All patients in the cohort had pre-operative imaging (either CT or magnetic resonance imaging [MRI] scans) and the findings are included in Table 1. The average tumor size was 2.04 ± 0.8 cm (range 1.0 to 3.5 cm) by imaging. 100% of the tumors involved the suprasellar region, and 73% also involved the sella. A preoperative radiologic differential was given for 9 patients. Meningioma, pituitary adenoma, and craniopharyngioma were the most common tumors listed in the differential diagnosis (44% of cases each), followed by glioma (33% of cases), and infectious (11% of cases). In four of the cases, the pre-operative radiologic differential included multiple entities. For the other five cases, a single the pre-operative radiologic diagnosis was given (pituitary adenoma, 4 cases; meningioma, 1 case). A specific diagnosis of pituicytoma was mentioned in the radiologic differential for one tumor (tumor #4, 11% of cases). Post-operative imaging was available for ten of the eleven patients. On average, 79.0% ± 25.3% (range 30% to ~ 100%) of the tumor was resected; four patients had gross total resections. Only one patient (#10) had radiographic evidence of progression or recurrence.

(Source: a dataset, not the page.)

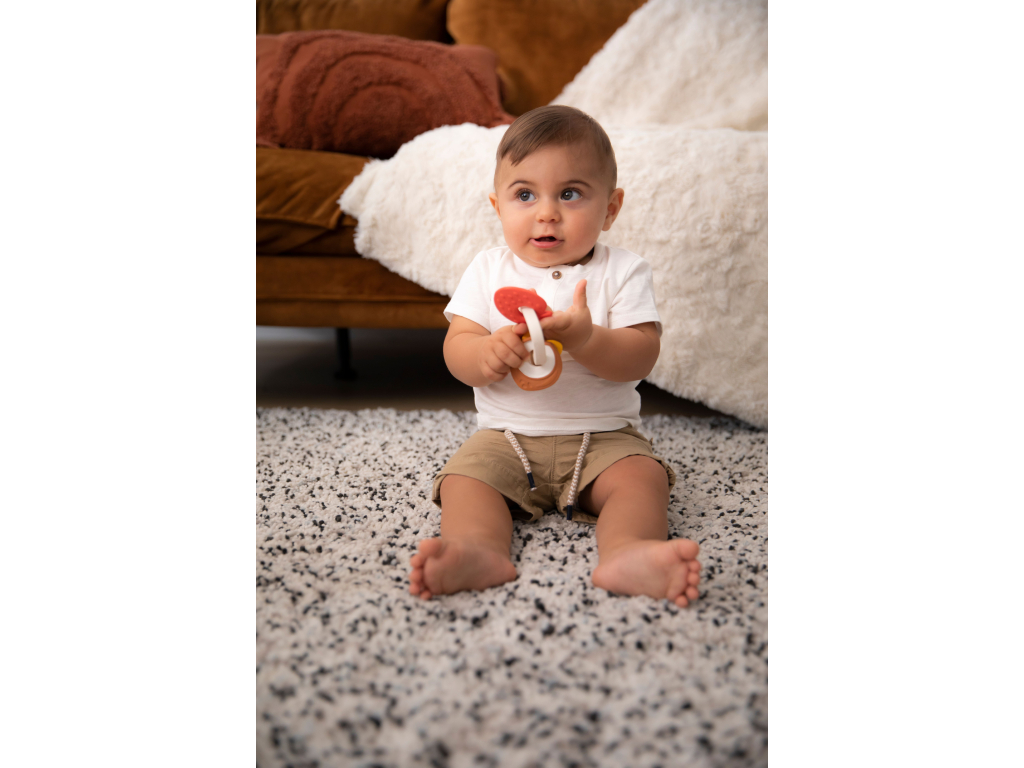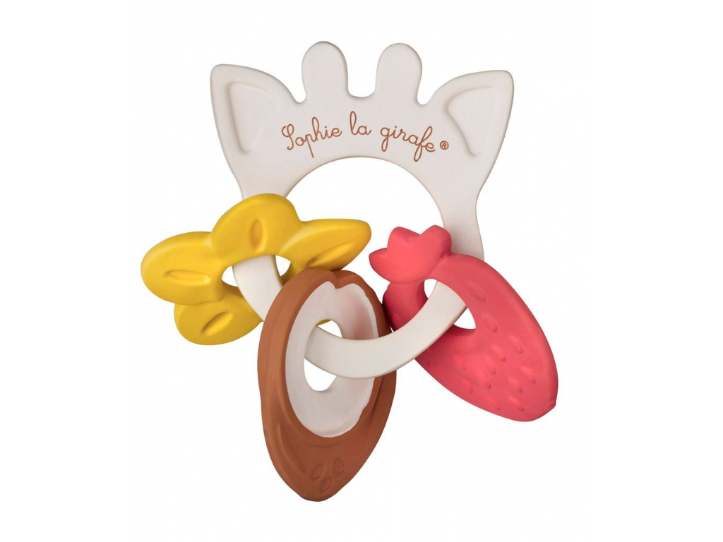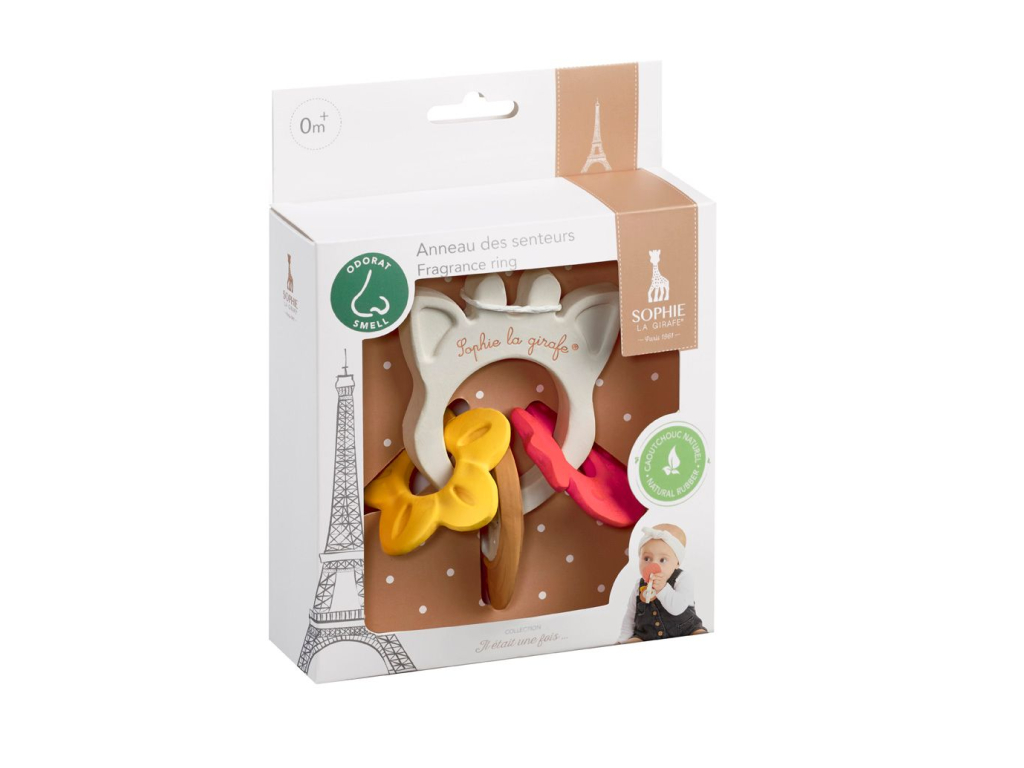 Ľahko uchopiteľný krúžok z prírodného kaučuku sa skladá z 3 rôznych medailónikov s jemnou sladkou prírodnou vôňou vanilky, jahôd a kokosu. Dieťatko objavuje a prebúdza svoj čuch vďaka prírodnému kaučuku s jemnou prírodnou vôňou.

Pituicytomas showed morphologic variability. Some tumors grew in fascicles while others showed a vaguely lobulated or sheet-like growth pattern (Fig. 1a and b, respectively). Rarely, tumors exhibited vague nuclear palisades (Fig. 1e). Tumor cells had a moderate amount of eosinophilic cytoplasm, a consistent feature across all tumors; however, some tumors had a glial-like background while others had sharper cell borders and an epithelioid appearance. Granular cytoplasm was not present in any of these tumors. The tumor nuclei ranged from spindled to rounded (Fig. 1c and d, respectively), sometimes within the same tumor. Small nucleoli were present. In the non-atypical pituicytomas, there was minimal pleomorphism though few tumors showed changes resembling the “ancient change” seen in schwannomas (Fig. 1f). Numerous vessels of varying diameter were often present within the tumors. Mitotic activity was very sparse in non-atypical tumors (< 1 mitosis per 10 high power fields) and necrosis was not seen. Normal tissues were not present in any of the resections so the tumors could not be evaluated for the presence or absence of invasion or infiltration. Eosinophilic granular bodies and Rosenthal fibers were not identified in any of the fourteen specimens.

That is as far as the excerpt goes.